Optimal byte partitioning for Parachute string fingerprints

Construct an optimal partition of the byte space [0, 255] into k clusters for the BytePartitioning objective—given a list of UTF-8–encoded strings used by Parachute’s string-fingerprint scheme—so that the resulting pbw-bit fingerprints (which set cluster-bits for bytes present in each string) have the minimal number of ones, thereby minimizing false positives when translating SQL LIKE predicates.

Background

Parachute supports high-cardinality string columns by encoding each string into a compact pbw-bit fingerprint: the UTF-8 byte space [0, 255] is partitioned into k clusters (where k = pbw), and a bit is set for every cluster that contains a byte appearing in the string. This enables translating SQL LIKE patterns into subset checks on these fingerprints while avoiding false negatives.

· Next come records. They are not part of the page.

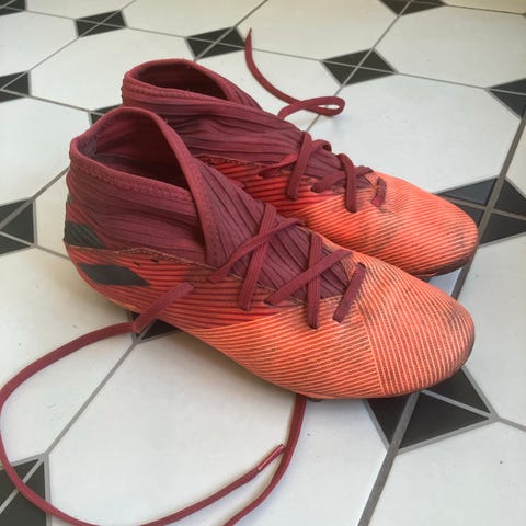 Adidas fotbollsskor med snörning och fasta dobbar. Skorna är i en orange färg med mönstrad ovandel och vita detaljer. Avsedda för spel på gräs- eller konstgräsplan. Passar för fotbollsspelare som söker lätta skor med grepp i sulan.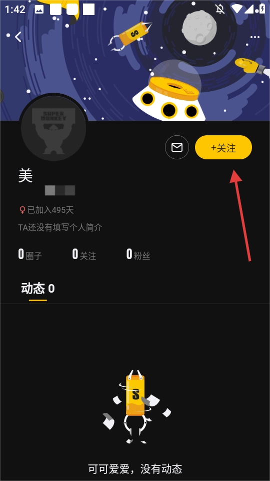 4、进入用户主页,点击【+关注】按钮,即可完成对该用户的关注操作。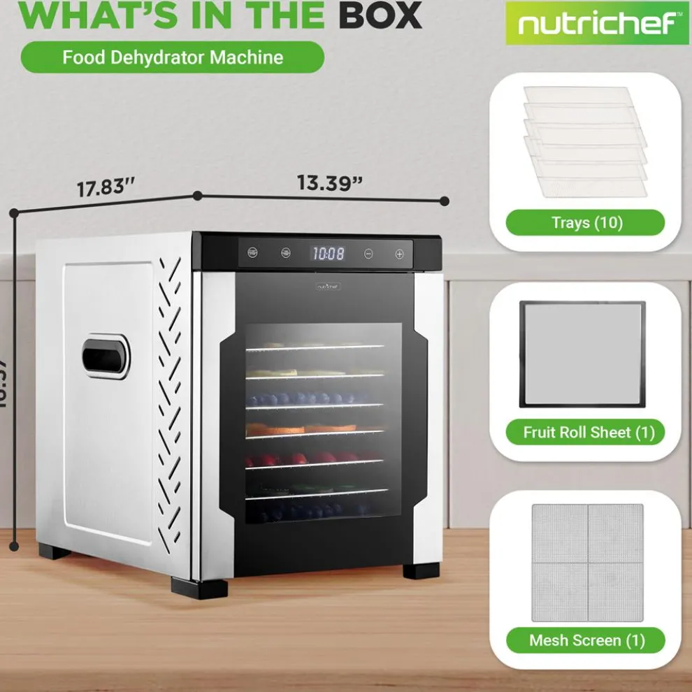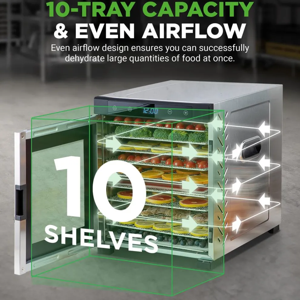 - Large Capacity with 10 trays and Up to 13 lbs. of Food Dehydrate at once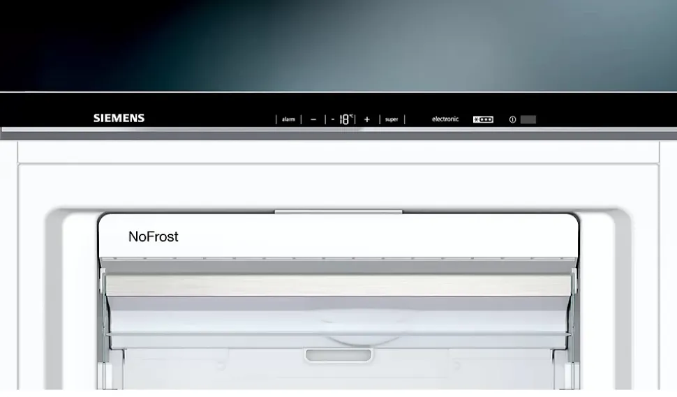 Congélateur armoire 70 cm no frost Siemens – Congélateur IQ500 Siemens GS58NAWCV. Congélateur armoire, équipé de la technologie noFrost pour en finir avec le dégivrage manuel, et le système freshSense qui ajuste en permanence la température à l’intérieur de l’appareil.La technologie noFrost prévient l’apparition de la glace, pour éviter le dégrivrage. multiAirflow pour une circulation de l’air optimale et unetempérature uniforme à tous les niveaux. Les lumières LED éclairent l’intérieur uniformément et sans éblouir. La bigBox offre un très grand espace de rangement, pratique, afin de congeler des denrées de taille importante. Les capteurs détectent automatiquement une augmentation dela température quand de nouveaux aliments sont placés dans lecongélateur. –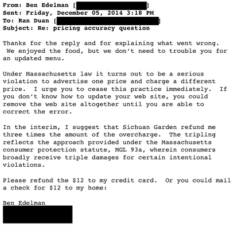 Boston.com obtained the email exchange between Professor Ben Edelman and Ran Duan. Duan manages the Baldwin Bar located inside the Woburn-based Sichuan Garden. Edelman asked Duan about the price discrepancy, and Duan said they hadn’t updated the prices online. Here’s how Edelman responded: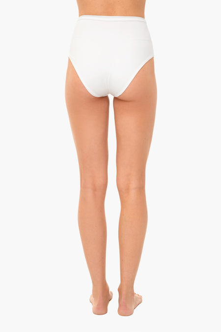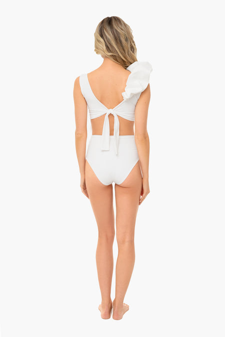 The Rose Two Piece blends couture construction and swimwear. This swimsuit has high waisted bottoms with a V-neckline and puff detail on one shoulder. Dramatic and oh-so-chic, this style is a must-have for your next day by the water!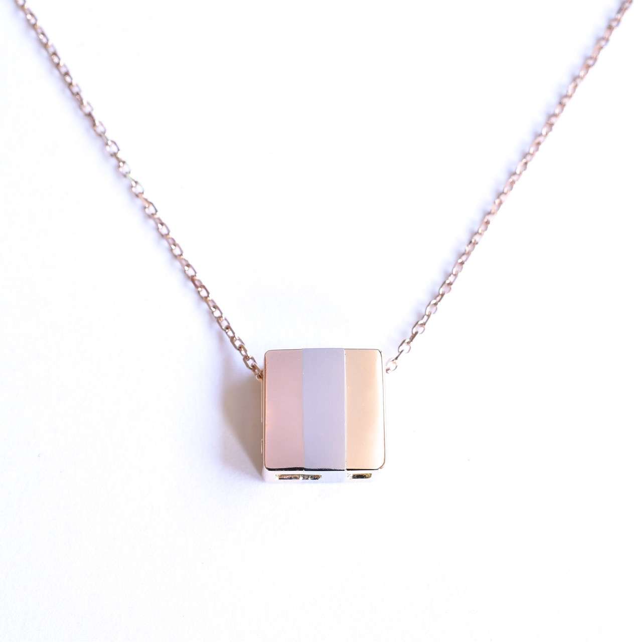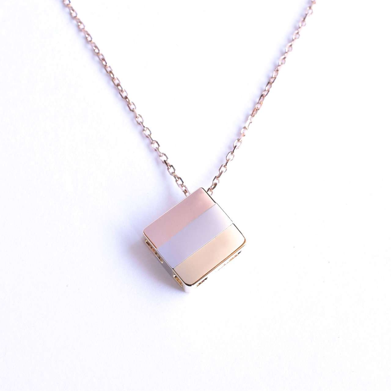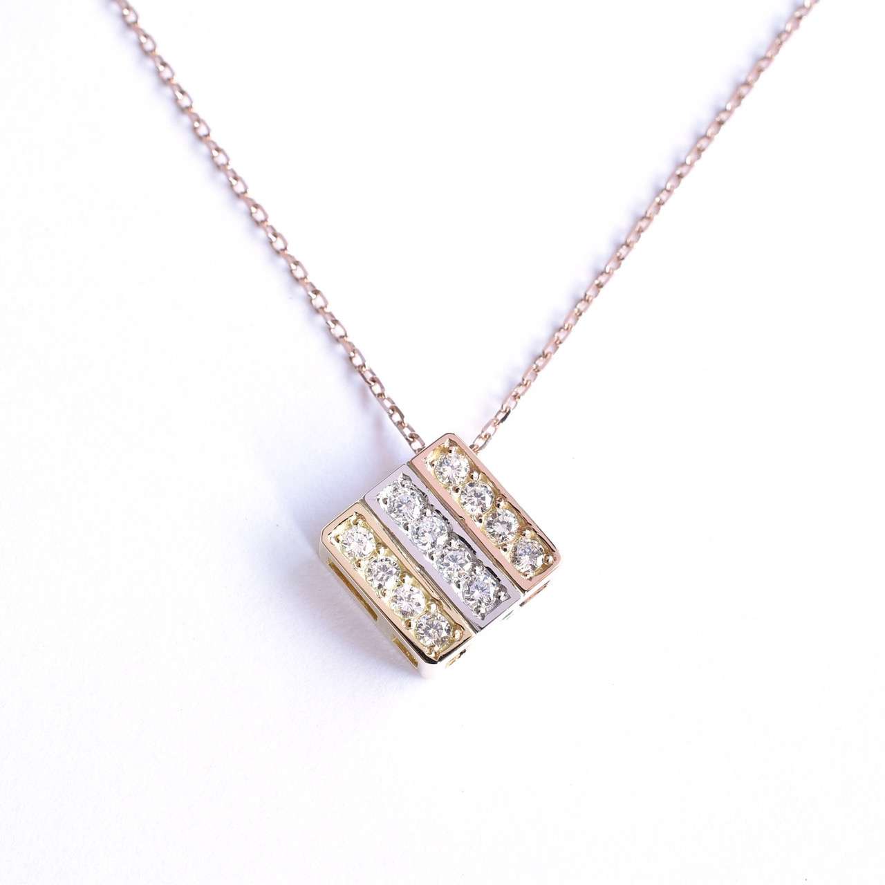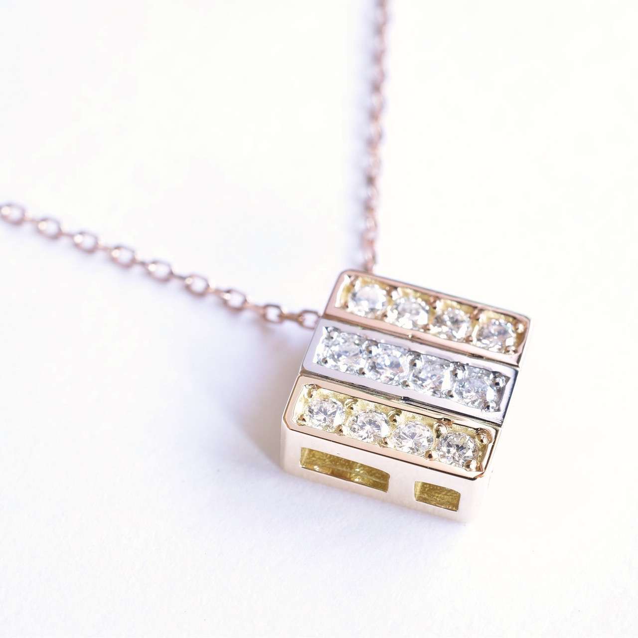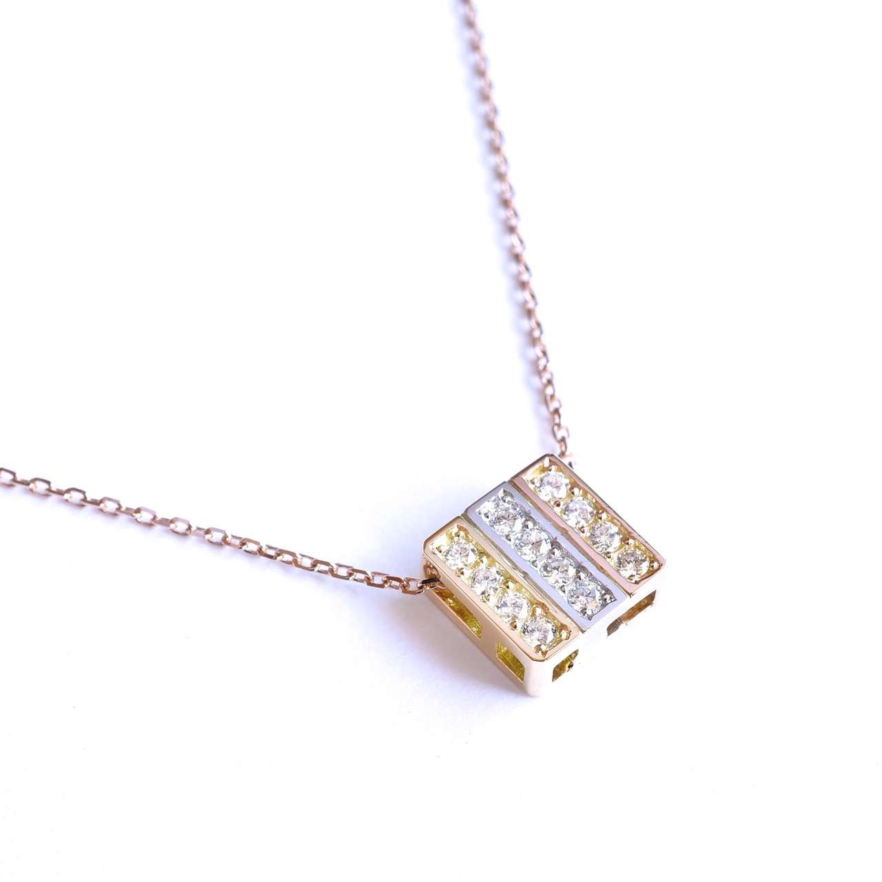 ゴールド、プラチナ、ピンクゴールドをストライプ状にあしらったダイヤモンドペンダントです。チェーンを通す位置を変えれば、縦遣い、斜め使いと向きを変える事ができ、裏面も美しいのでリバーシブルとしてもお使い頂けます。一見シンプルなデザインですがゴールド、プラチナ、ピンクゴールドの3つパーツを鋳造→研磨した後にそれぞれを組み立てて鑞付けしているので、通常のペンダントと比べて3倍以上の手間が掛かっております。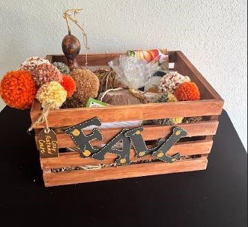 What's Inside This Autumn Crate Within this crate of autumn cheer, Are handmade treasures gathered here: A pom-pom garland strung with beads, A candle with scent your spirit needs. A pumpkin print, watercolor bright, A gourd hand-stained for rustic delight. A pound cake recipe, time-honored and sweet With nuts spiced warmly - a seasonal treat. A pumpkin painted, a towel for tea, Simple comforts for you to see. Bid with joy and take home the fate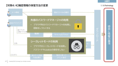 こうした攻撃への対策として鈴木氏は、事業者向けにはネットワークセキュリティ機器の導入や不必要な機能の無効化、従業員教育などを挙げ、さらにブラウザの認証情報を盗むことから、外部のパスワードマネージャーを利用するなどの対策も紹介する。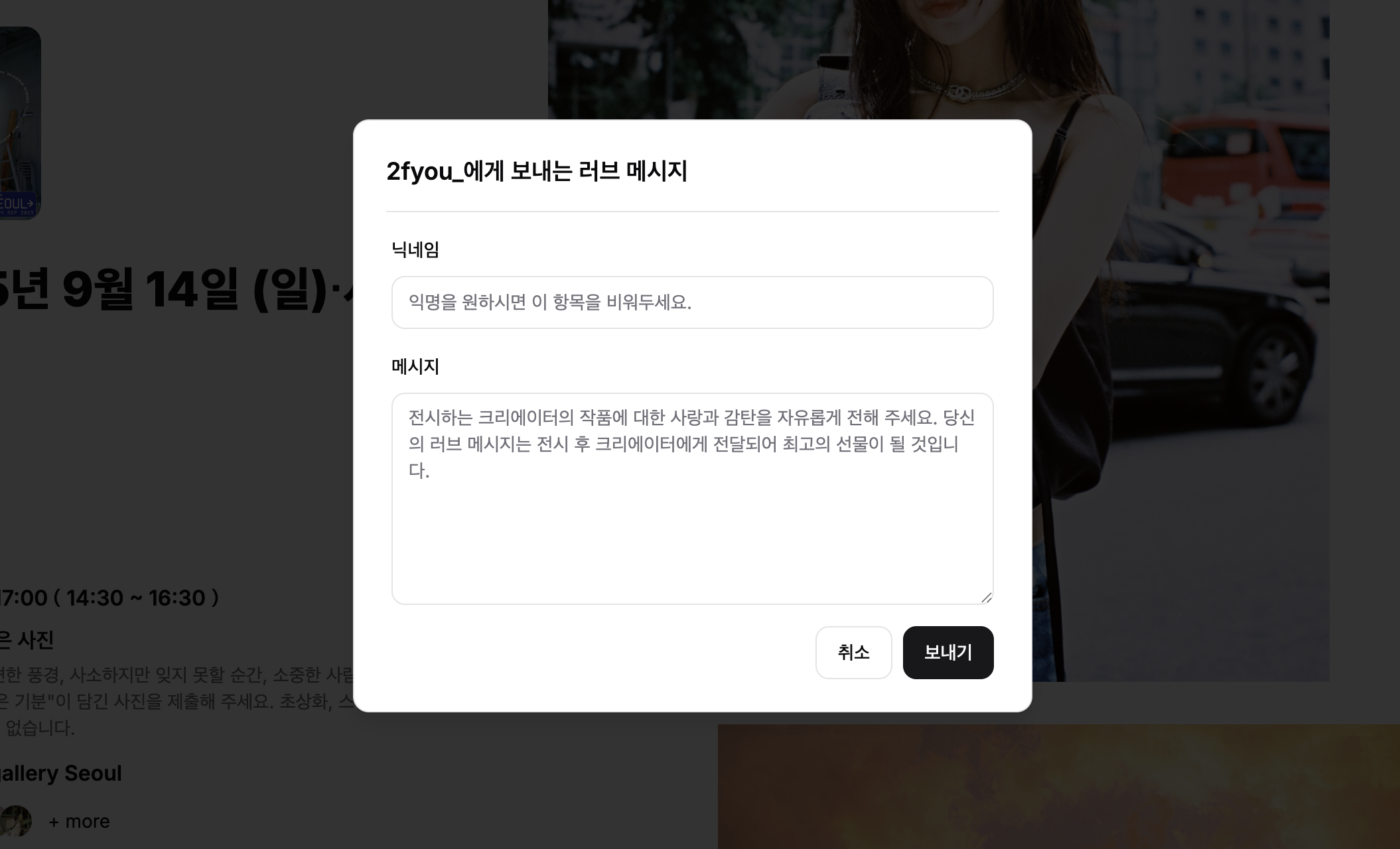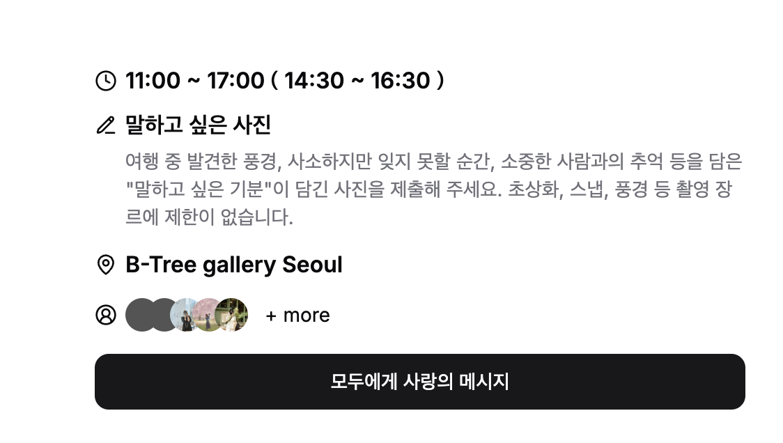 전시 작품 왼쪽 아래에 표시되는 ‘사랑의 메시지’ 버튼을 탭하거나 클릭합니다.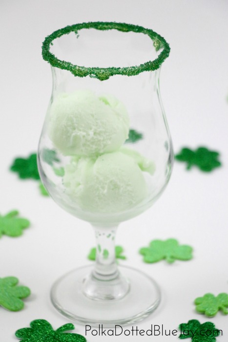 Rim you glass with green sprinkles for added fun. Michael from Inspired By Charm forever changed my life when he gave a rimming tip on his Leprechaun Kiss Martini recipe — use honey for extra sprinkle-sticking power. Genius, right?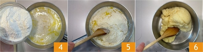 Une fois à ébullition, ajoutez la farine en une seule fois 4, puis mélangez rapidement avec une cuillère en bois 5. Lorsque le mélange devient compact et se détache des parois de la casserole 6, éteignez le feu et laissez tiédir pendant quelques minutes.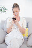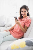 uśmiechający się dorywczo kobiety za pomocą jej smartphone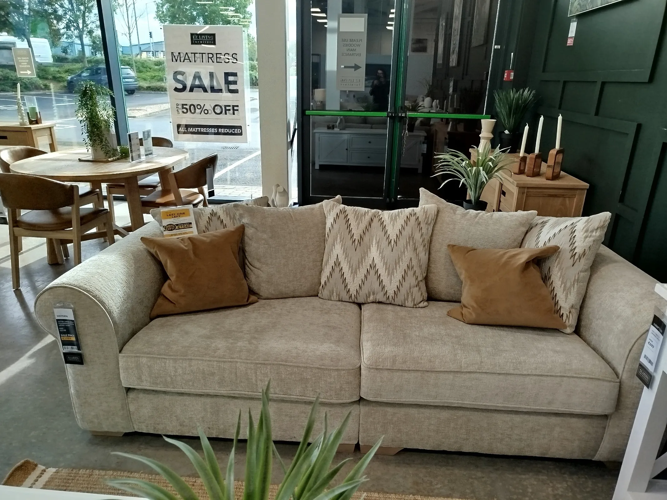 Hayden 4 Seater Cream Accent Pillowback Sofa (Naas Rd Floor Model)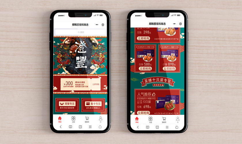 郑和贸易和臻选小程序,是以销售阳澄湖大闸蟹为主的商场小程序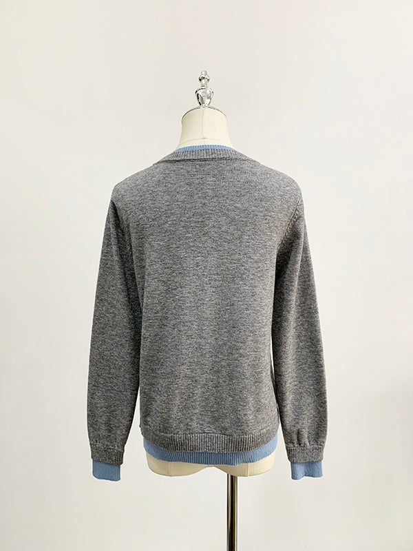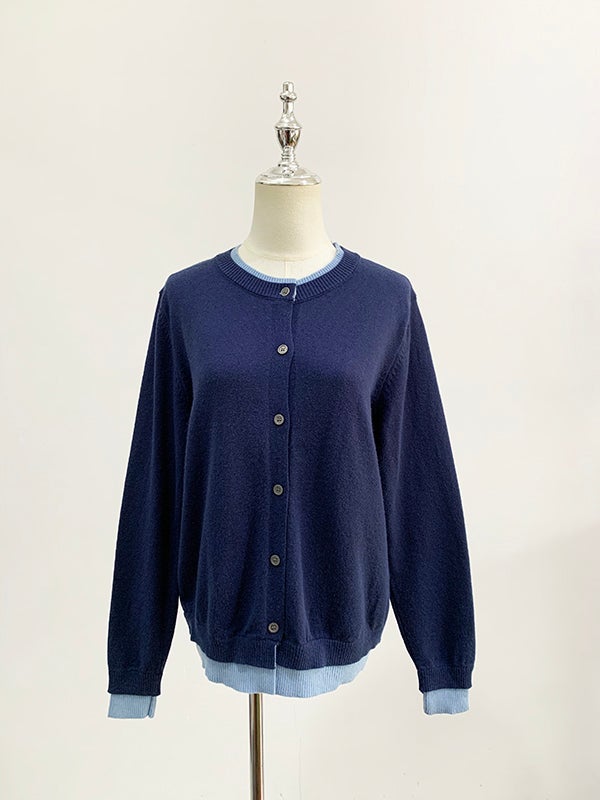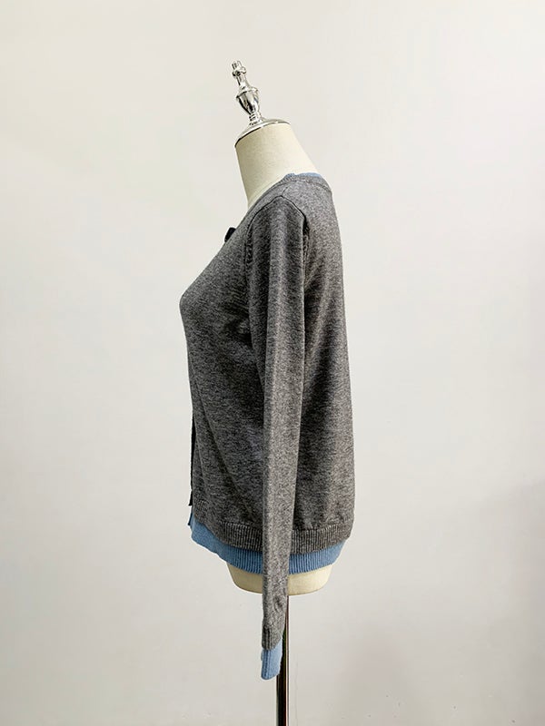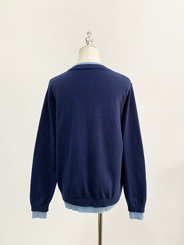 予約3color Denim ドッキング ニット カーディガン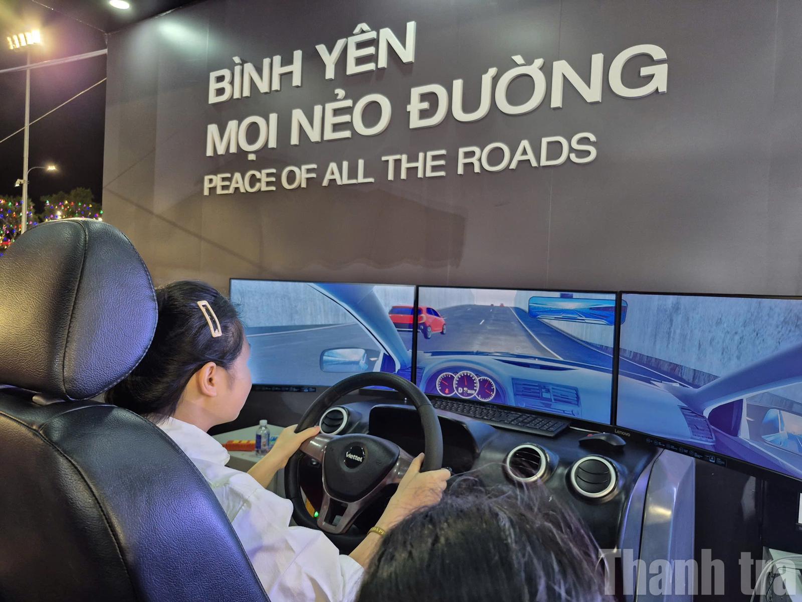 Khu trải nghiệm các thiết bị mô phỏng kỹ năng đảm bảo an toàn khi tham gia giao thông. Ảnh: TM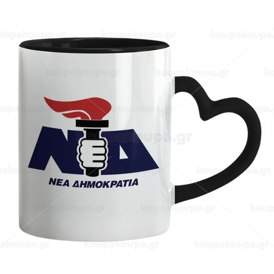 Νέα δημοκρατία κλασική, Mug heart black handle, ceramic, 330ml

Selectivity depends on how the bytes are partitioned into clusters: if many bytes map to the same cluster, fingerprints gain more ones and lose pruning power. The authors formalize this as the BytePartitioning problem: given a corpus of strings and a cluster count k, partition [0, 255] into k clusters to minimize the number of ones in the fingerprints. They currently use a simple round-robin assignment and explicitly defer finding the optimal partitioning to future work.

References

Given a list of [0, 255]-valued strings and a parameter k, partition the byte space into k clusters such that the number of ones in the fingerprints is minimized. We leave it as future work to build these partitions optimally. Currently, we assume a uniform distribution over the bytes, i.e., we use a Round-Robin strategy to build the partitions.

Parachute: Single-Pass Bi-Directional Information Passing (2506.13670 - Stoian et al., 16 Jun 2025) in Section 3.2, Supporting String Columns (Byte Partitions), Definition (BytePartitioning)